Especiales Semana

Mal de salud

El conflicto armado no sólo mata sino que enferma, pues ha hecho que se deteriore la salud de muchos colombianos y que rebroten las epidemias.

13 de agosto de 2001

Hace unos meses, cuando Marta Patricia Velandia, del Instituto Nacional de Salud (INS), recibió el reporte de un caso de fiebre amarilla en Puerto Trujillo, Meta, trató de llegar hasta allí pero no la dejaron entrar. Le informaron que desde hacía dos años los promotores de salud requerían un permiso de los comandantes ar-

mados ilegales para ingresar a las veredas bajo su control. Cuando finalmente lo obtuvo ya era tarde. El enfermo había muerto.

Velandia entonces vacunó a los pobladores que no estaban inmunizados contra esta mortal enfermedad y los capacitó sobre cómo prevenir la picadura del mosquito que la transmite. Aunque no se pudo salvar al enfermo se evitó una epidemia. Pero no siempre es así.

Hace mes y medio epidemiólogos del Programa para el estudio y control de enfermedades tropicales de la Universidad de Antioquia (Pecet) no pudieron aterrizar en Ituango, Antioquia, para controlar un brote de leischmaniasis porque había combates en la zona. Aun hoy la gente afectada no ha sido tratada. “Si alguno de los enfermos tiene el mal en la nariz el parásito terminará por carcomérsela y le desfigurará la cara”, afirma Iván Darío Vélez, director del programa.

Estos son sólo dos casos que ilustran cómo el conflicto armado ha agravado la situación de salud de los colombianos. Pero hay cientos. Enfermedades tropicales que se consideraban controladas están en auge. Los casos de malaria se han duplicado en el país desde 1999 según la Organización Panamericana de Salud (OPS).

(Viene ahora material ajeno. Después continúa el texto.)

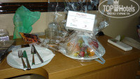 Немного о нашем заселении. Побывав в отеле в прошлом году, мы знали в какой части отеля хотели бы жить. В ваучере у нас было написано, что мы постоянные гости и просьба предоставить нам номер на выбранной стороне. Приехали мы в отель около 10 утра. Отель был забит под завязку и нам временно предоставили номер 308 с видом на сад. При этом сказали, что ночью будет большой отъезд из отеля туристов и попросили подойти на следующий день после завтрака. Что мы и сделали, и соответственно нам предоставили номер 237 с видом на главный бассейн (как раз это мы и хотели). За смену номера ничего не доплачивали. И в номер 308 и в номер 237 нам присылали тарелку с фруктами.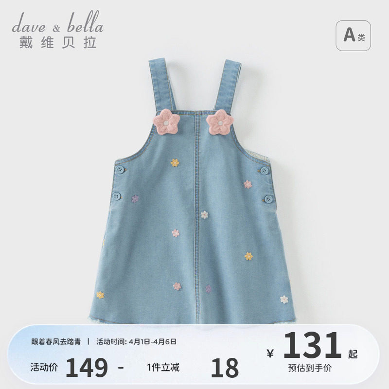 戴维贝拉儿童牛仔背带裙2026春装新款女童宝宝甜美裙子连衣裙童装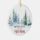 ¡Celebra la temporada navideña de los Navidades en tu nuevo hogar! Felicidades por mudarte a tu nuevo hogar. El invierno festivo nevó árboles con saludo de estilo tipográfico. Monogramado con la dirección de tu casa en la parte de atrás. Crea un recuerdo maravilloso para mantener el amor año tras año.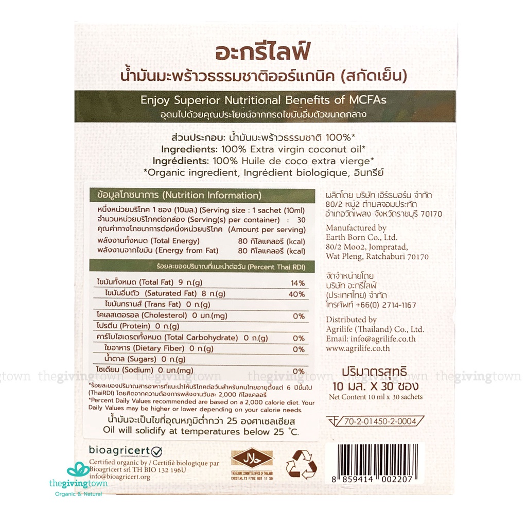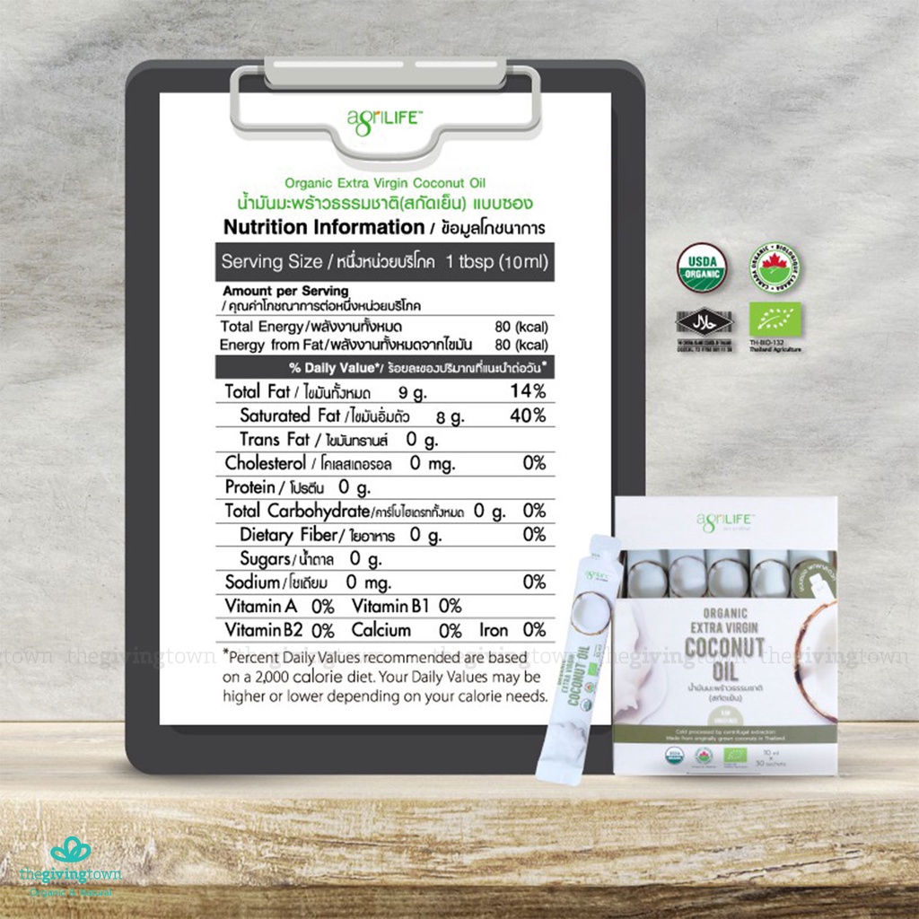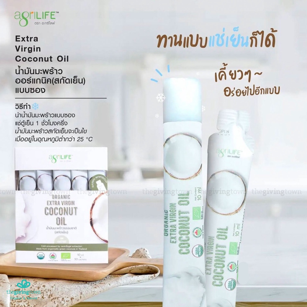 Agrilife น้ำมันมะพร้าวสกัดเย็น แบบซองพกพา แบบกล่อง เกรดออร์แกนิค อะกรีไลฟ์ โคโคนัทออยล์ Extra Virgin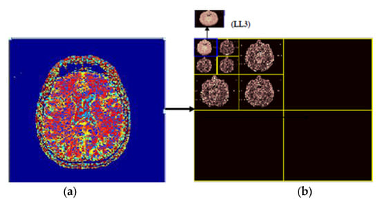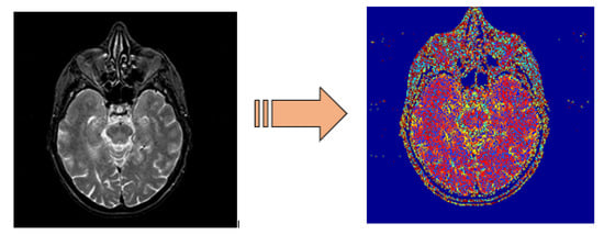 Numerous types of image filters are available in the literature, such as mean filter, median filter, wiener filter, and different types of image noises that exist, such as space noise, Gaussian noise, salt and pepper noise, speckle noise. Hence, it is of utmost importance to apply an appropriate filter for noise removal for images. In the proposed work, we have used the MR grayscale brain images, and these types of images are affected by salt-and-pepper noise [,]. For this purpose, we have used a median filter to remove salt-and-pepper noise from MR brain images. The median filter has the capability of sharpening the images and preserving the edges. We have used window size: 3 × 3 masks; this size is suitable because the large window size of the mask affects the image edges and requires high computation time. After salt and paper removal the grayscale images are converted to RGB images, Figure 2 shows a grayscale image along with RGB image. These RGB images are further fed as inputs to the DWT layer to get an approximate image size.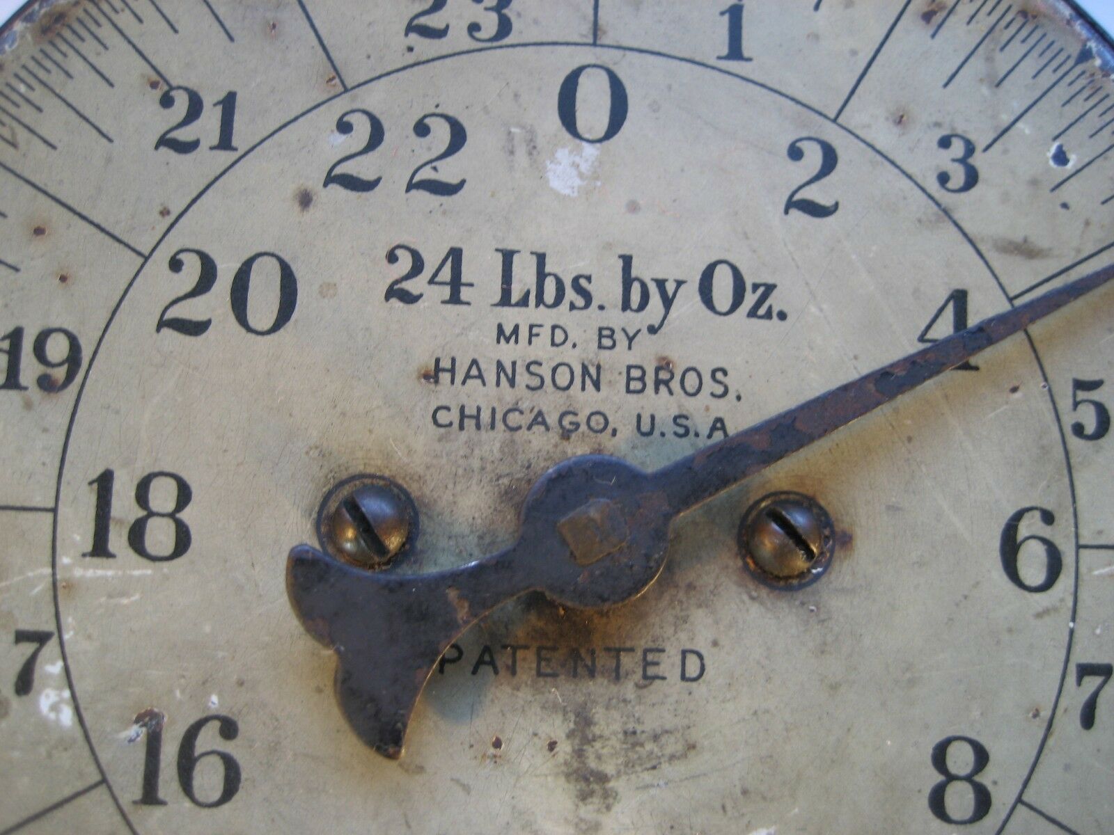 Title (ebay affiliate link): ANTIQUE HANSON BROS. 24 LBS. METAL FACE HANGING GENERAL STORE SCALE

Aunque los especialistas atribuyen parte del aumento al fenómeno de ‘El Niño’ y a la deforestación el conflicto armado se ha convertido en el principal obstáculo para la prevención de la malaria. En Caquetá, una de las zonas más afectadas, se presentaron 140 casos en 1998, 277 en 1999, 614 en 2000 y hasta agosto de 2001 se registraba la cifra récord de 1.258 infectados. En Putumayo, en esos mismos cuatro años, se registró un aumento superior al 2.000 por ciento, al pasar de 84 casos en 1998 a 1.888 en lo que va corrido de este año, según el INS, entidad adscrita al Ministerio de Salud.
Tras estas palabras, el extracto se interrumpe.